Documentation & Examples

examples/auto_scale_demo.R - 5 preprocessing demonstrations
examples/balance_diagnostics_demo.R - 6 balance diagnostic examples
examples/join_matched_demo.R - 8 joined dataset demonstrations
examples/distance_cache_demo.R - Distance caching and reuse examples
examples/parallel_matching_demo.R - 7 parallel processing examples
examples/error_messages_demo.R - 10 fun error message demonstrations
Complete implementation documentation (claude/IMPLEMENTATION_STEP1.md through STEP6.md)
All functions have full Roxygen documentation

Tests

Added 34+ new tests (10 for preprocessing, 11 for balance diagnostics, 13 for joined datasets, tests for distance caching)
All tests passing with full backward compatibility

Major Changes (Initial 1.0.0 Release)

Package Renamed: lapr → couplr

The package has been renamed from lapr to couplr to better reflect its purpose as a general pairing and matching toolkit.

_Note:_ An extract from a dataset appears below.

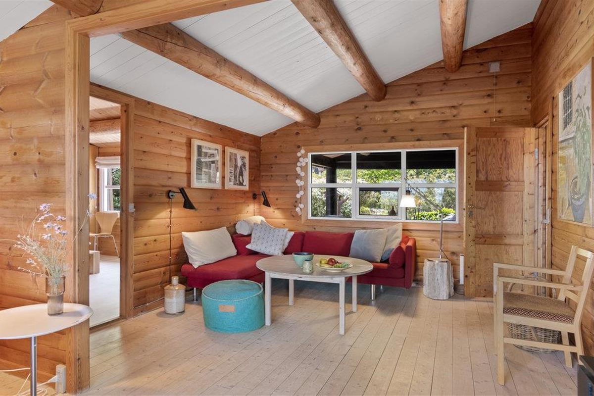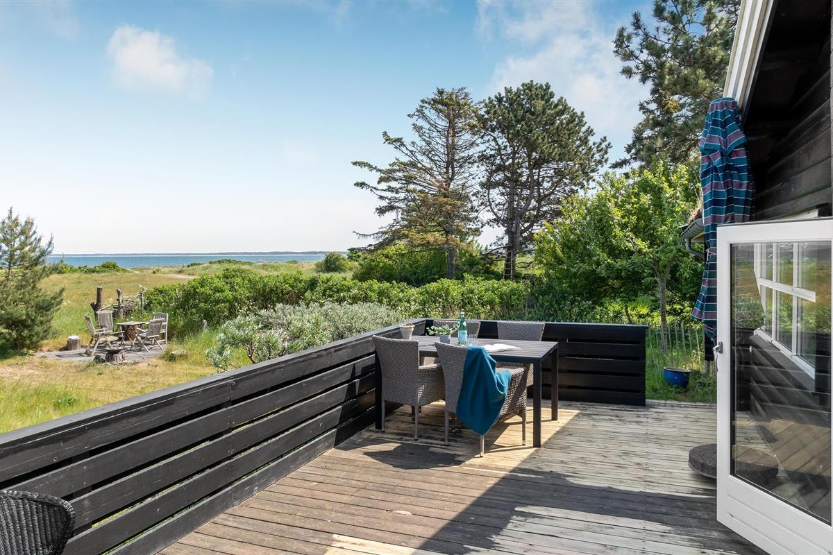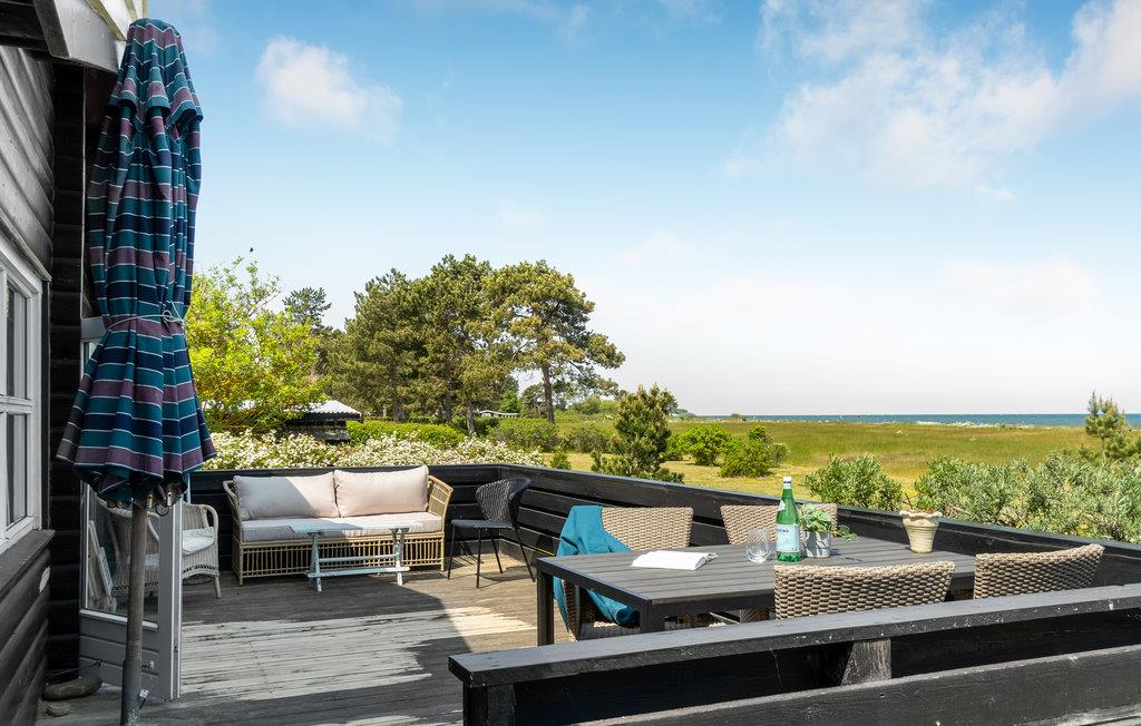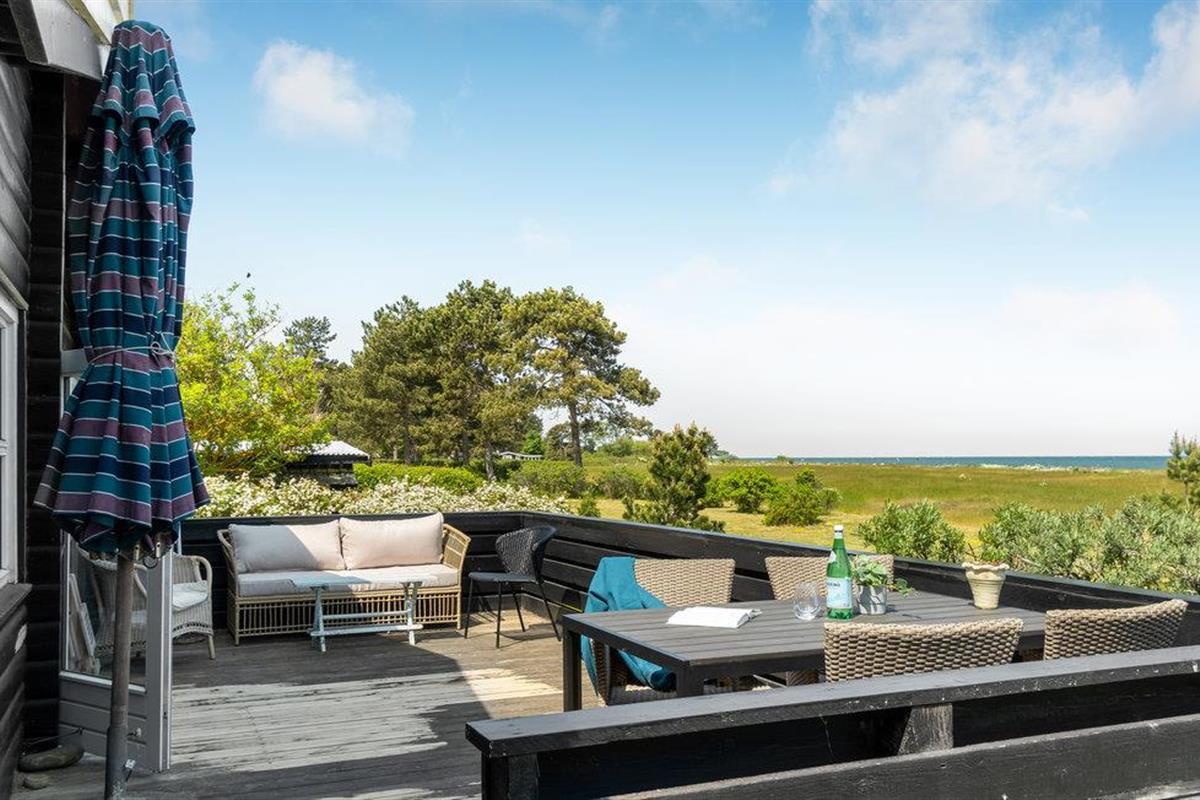 Gezellig houten huis direct aan het Kattegat met zeezicht, terras en natuurlijke tuin voor een ontspannen vakantie.

couplr = Optimal pairing and matching via linear assignment

Clean 1.0.0 Release

First official stable release with clean, well-organized codebase.

New Organization

R Code

Eliminated 3 redundant files
Consistent morph_* naming prefix
Two-layer API: assignment() (low-level) + lap_solve() (tidy)
10 well-organized files (down from 13)

C++ Code

Modular subdirectory structure:
- src/core/ - Utilities and headers
- src/interface/ - Rcpp exports
- src/solvers/ - 14 LAP algorithms
- src/gabow_tarjan/ - Gabow-Tarjan solver
- src/morph/ - Image morphing

Features

Solvers

Hungarian, Jonker-Volgenant, Auction (3 variants), SAP/SSP, SSAP-Bucket, Cost-scaling, Cycle-cancel, Gabow-Tarjan, Hopcroft-Karp, Line-metric, Brute-force, Auto-select

High-Level

✅ Tidy tibble interface ✅ Matrix & data frame inputs
✅ Grouped data frames ✅ Batch solving + parallelization ✅ K-best solutions (Murty, Lawler) ✅ Rectangular matrices ✅ Forbidden assignments (NA/Inf) ✅ Maximize/minimize ✅ Pixel morphing visualization

API

lap_solve() - Main tidy interface
lap_solve_batch() - Batch solving
lap_solve_kbest() - K-best solutions
assignment() - Low-level solver
Utilities: get_total_cost(), as_assignment_matrix(), etc.
Visualization: pixel_morph(), pixel_morph_animate()

Development history under “lapr” available in git log before v1.0.0.